# Paper Review - Capuchin: Tensor-based GPU Memory Management for Deep Learning

Updated

## Introduction

This paper aims to reduce GPU memory usage during DNN training. Capuchin achieves this goal though swapping and recomputation, using tensor as unit of operation. The major question is how to balance between swapping and recomputation to achieve max resource utilization.

## Swap and Recomputation Benefit

The ultimate goal of swapping and recomputation is to hide the overhead as much as possible to minimize the wait time of back-access (a tensor evicted earlier being accessed again). For swapping, we should increase the overlap between swapping and computing; for recomputation, we should use cheap operations.

### Determining Tensor Re-generation Cost

For swapping, it is usually not optimal to swap back in a tensor only when we access it. The reason is copying tensor from CPU memory to GPU memory usually introduces overhead greater than the computation itself. It’s thus better to swap in a tensor earlier or proactively.

The paper uses in-trigger as the term. It means we use other tensor access between evicted-access (a tensor access that triggers the self-eviction after used in the computation) and back-access to bring back an evicted tensor a little bit earlier.

Of course, this may raise two questions:

• How do we know when in-trigger should happen?
• How to deal with PCIe lane interferences? E.g. one swap-in may happen later than in-trigger due to a previous swap-in still not finished.
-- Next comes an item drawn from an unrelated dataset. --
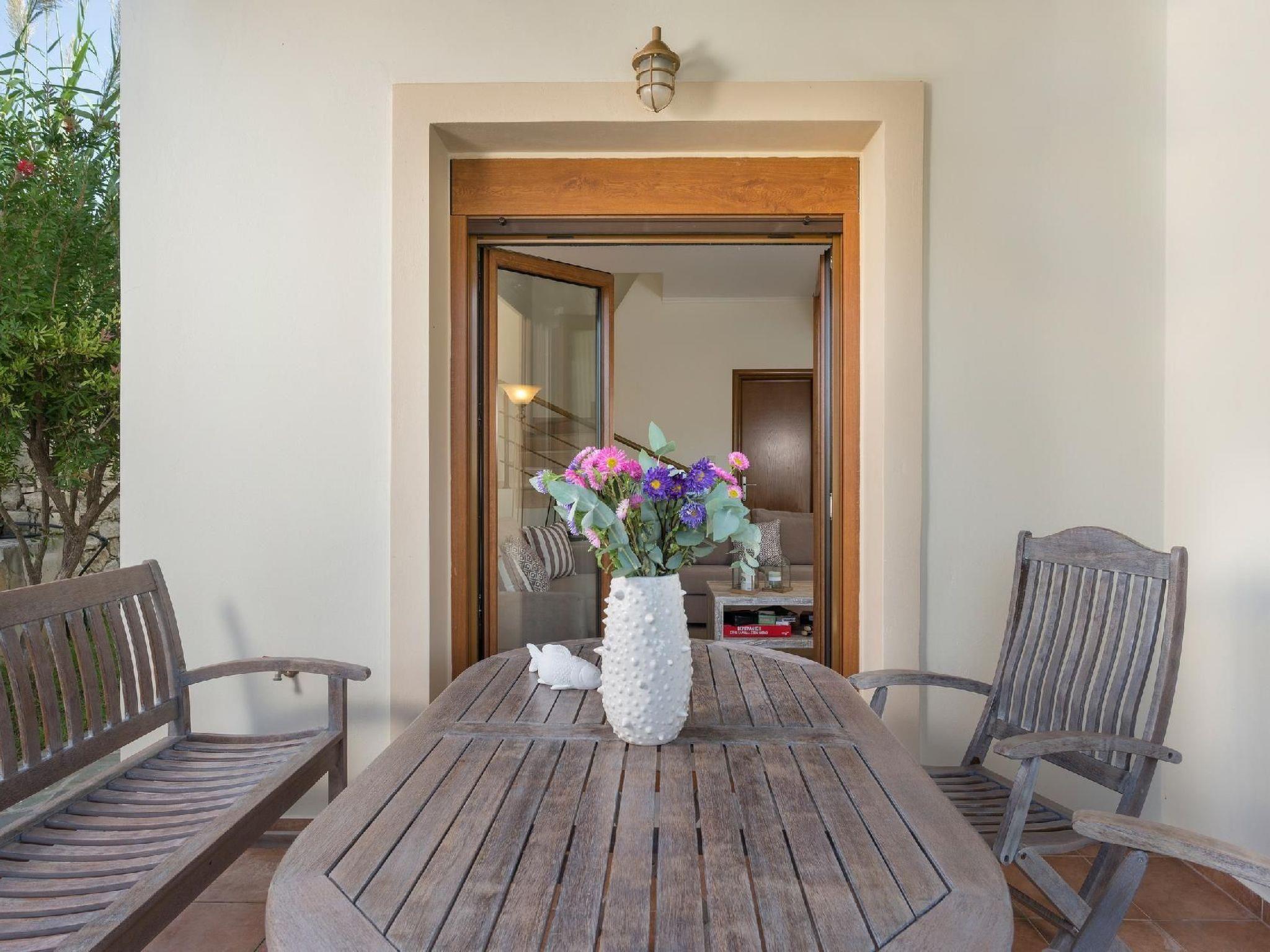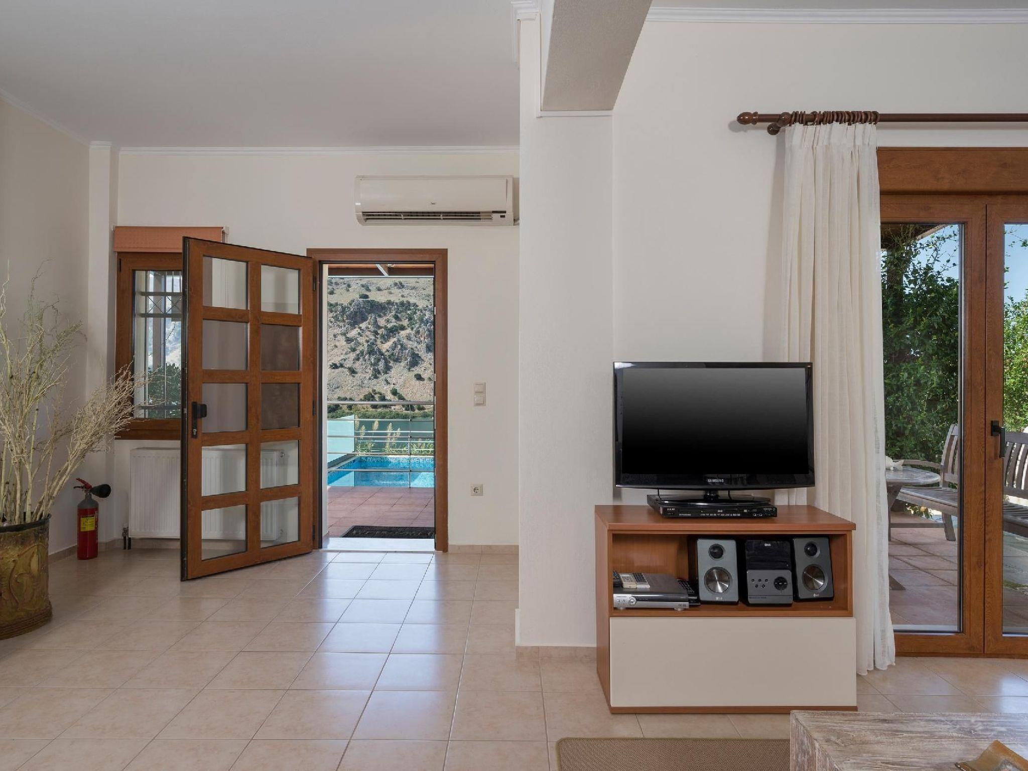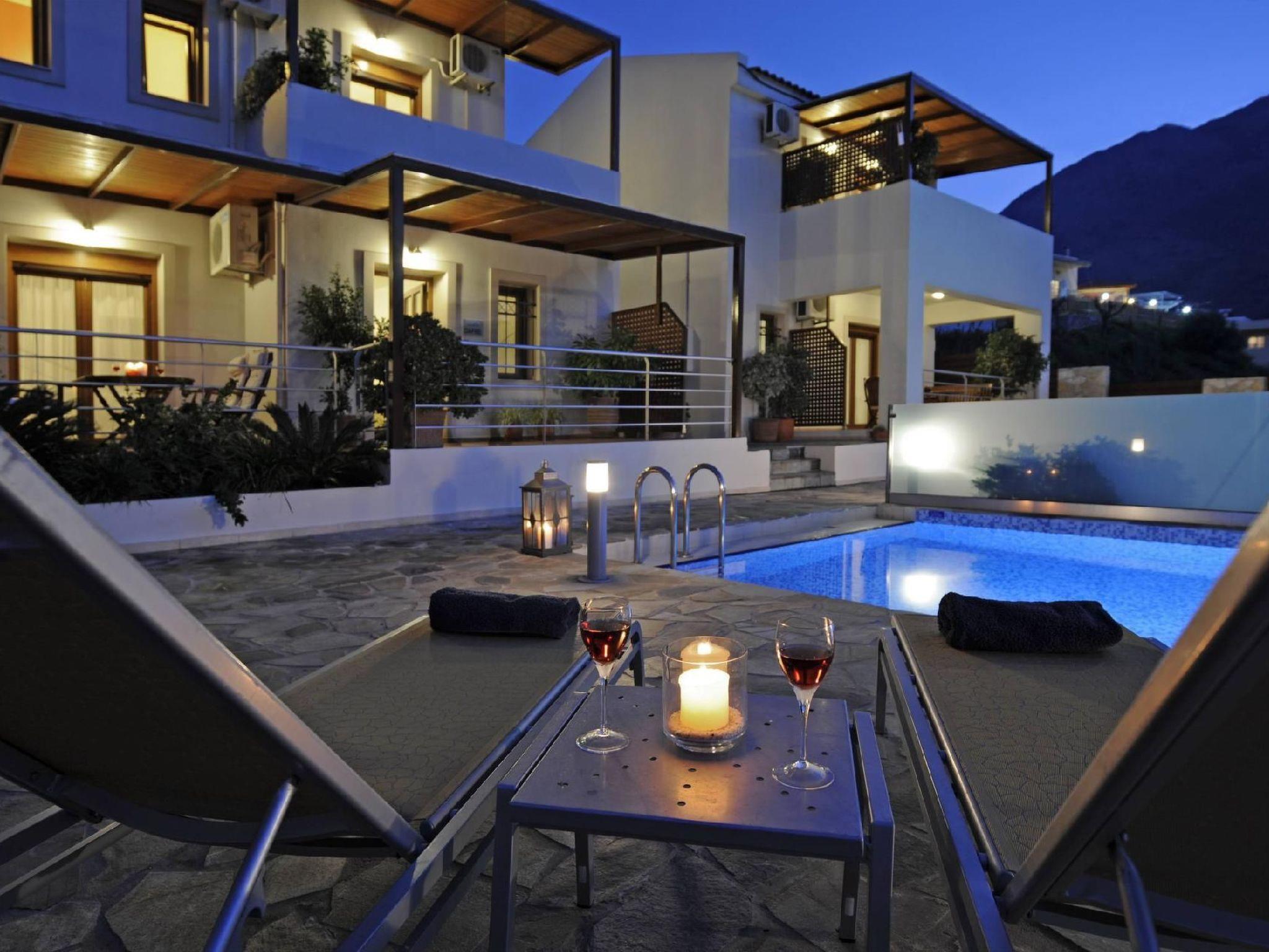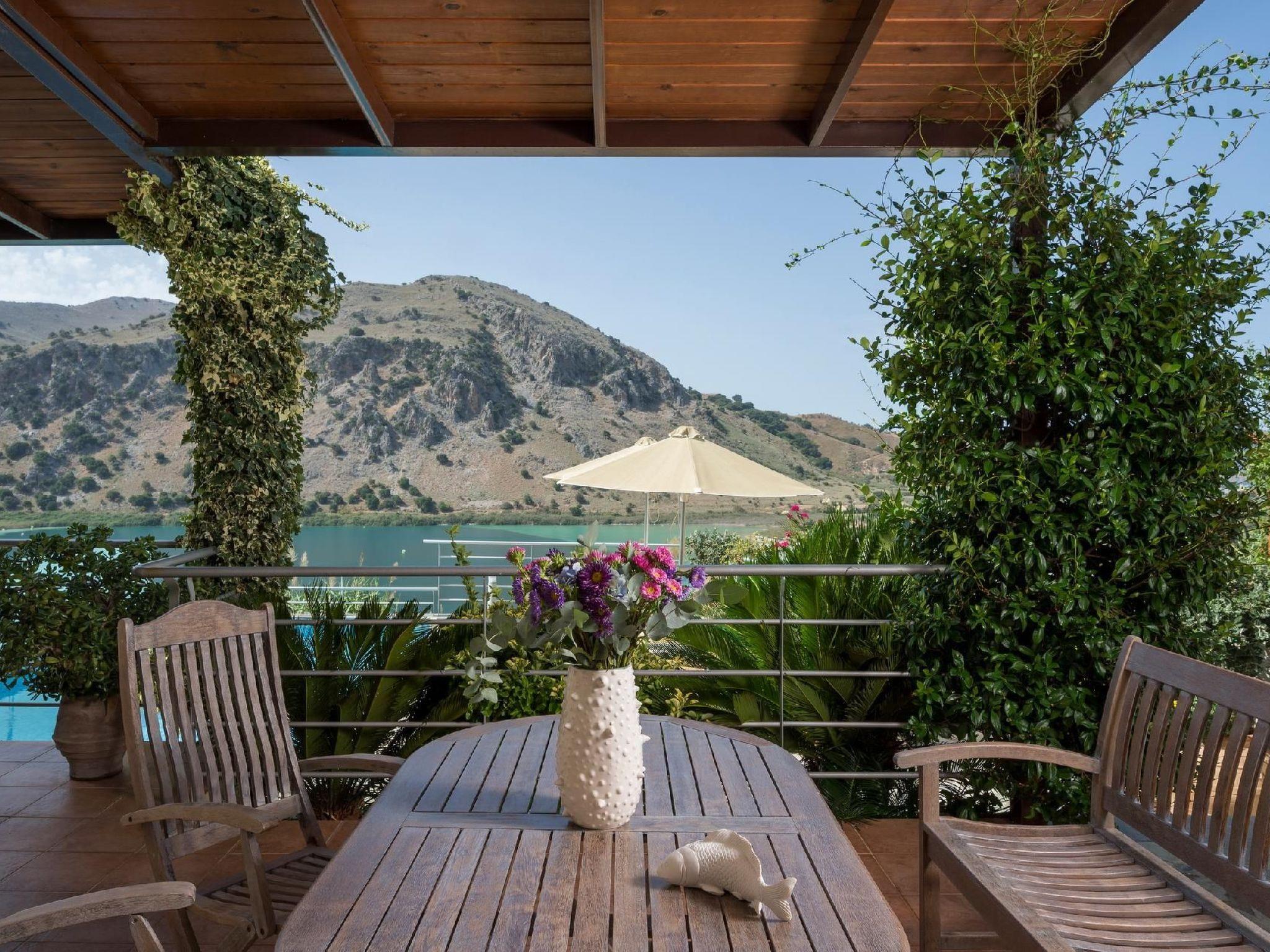 Family-Friendly Villa Bluefairy w/Pool, walk to Restaurants! 2 km to the Beach!These two unique villas are located in the most panoramic point of the region Kournas. They are built in a way that wherever you are you can enjoy the unique view of the lake and the White Mountains, also with a magnificent backdrop to the deep bay of Georgioupolis and the deep blue of the Cretan Sea. As they are situated in the heart of Apokoronas, just outside the traditional village Kournas, the villas are the ideal starting point for all kinds of tours around the area. Explore the lake and the Cretan nature, visit Crete’s north and south coast, admire the island’s tradition and culture and enjoy its hospitality. Check out is 11:00 latest and check in is 15:00 earliest. Check in and check out can be made without a person to person contact (upon request) As you walk in each one of the 120sqm villas, the living room along with a fully equipped kitchen and a dining table is situated there for you. Two Sofas that can turn into beds, a High Definition TV and a WC can be found also on the ground floor. Walking up the stairs and heading up to the second floor, 2 bedrooms with one double bed and one with two single beds can be found. The ideal location in the hilly area of Apokoronas, but only 3 km from the beaches of Georgioupolis, amidst mountains, lakes and the sea, allows you for short walks and longer excursions to experience the Cretan nature and our people.Apokoronas is one of the five former provinces of Chania prefecture and is situated at the northeast part of the prefecture. Kournas is one of the area’s traditional villages. The area of Apokoronas extends from the foothills of Lefka Ori north to the beach, with several gulfs, such the gulf of Almyros and Georgioupolis.Kournas Lake, 3 km from Georgioupolis, is the southern lake of whole Europe. It was created thanks to the underground water coming down from Lefka Ori which is trapped by the impervious rocks within the natural basin.Terrace with garden furniture and sunshade /own balcony/barbecuePool / swimming pool for private useOutdoor sitting areaParking possibilitiesProperty is detached and fenced

The answer is quite simple. We use the runtime feedback at the back-access of a tensor. If the tensor is still being swapped in, it means the in-trigger time should be adjusted earlier. Note, this is based on the assumption of regular tensor access pattern in deep learning training, as illustrated in the paper.

Recomputation, on the other hand, is performed only in on-demand manner. No in-trigger is used for recomputation.

Capuchin relies on the principle that swap can be largely overlapped with computation, while recomputation will certainly incur performance penalty. Thus, it chooses swapping as the first choice until we cannot choose an in-trigger to perfectly hide prefetching overhead.

One thing to note here is when we select a tensor $$T$$ to be recomputed, but such tensor relies on another tensor that is evicted, then we need to recompute the parent of the evicted tensor instead. This could potentially happen multiple times if more recomputation targets tensor $$T$$. In short, recomputation and swapping cannot occur at the same time.